At Harvard University, there is a class widely held to be the hardest undergraduate maths class in the country: 'Math 55'. Every year around 50 students enrol & more than half of those drop out within the first 5 days, it's that hard. After a couple more weeks the class settles down for what it will be for the rest of the semester: 45% Jewish, 18% Asian, & 100% male.
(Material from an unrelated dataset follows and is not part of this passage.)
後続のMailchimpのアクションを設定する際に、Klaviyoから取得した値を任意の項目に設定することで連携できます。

Now, there is nothing stopping any woman from signing up for that class, & with the present education gap, more women are leaving higher education with degrees than men by a large margin, so either women are choosing not to do higher mathematics, or are trying & can't. Either way, the portrayal across the board of the greatest mathematical or engineering minds being female is (again) a case of wishful thinking on the part of an ideological position that bears no resemblance to the real world young women have to go out & make their way in. As with the depictions of female violence, I don't see how this helps anyone.
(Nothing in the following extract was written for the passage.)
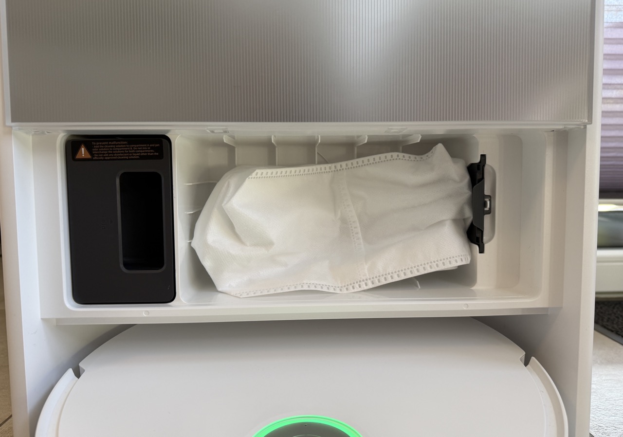 Die Station übernimmt nahezu alle Wartungsschritte automatisch: Sie entleert den Staubbehälter, wäscht und trocknet den Mopp, füllt Frischwasser nach und dosiert das Reinigungsmittel selbstständig. Im Alltag bleibt der Aufwand gering. Nutzerinnen und Nutzer müssen lediglich den Frischwassertank nachfüllen und den Schmutzwassertank entleeren. Einmal pro Woche empfiehlt sich ein kurzes Auswischen der Moppwanne – mehr ist nicht nötig.

The times we live in are the water we swim through: we can't see them, & even the best minds bend to them & obey, at least some of the time. The nineties was a feminist age - Whedon probably believed when he made Buffy that rape was a major epidemic; that 1 in 4 women were being dragged into bushes & raped daily; that domestic violence was a crime that only men inflicted & only women were the victims of; that women were getting paid 70¢ for every dollar a man made working the same job & so on & so on. He was wrong but he meant well, & was just trying to do the best he could with the information he was provided with, so it's hard to think bad of him. And for all I've said here he made a great show.
Aww, maybe I just think too much. Breaking Bad is nice, too.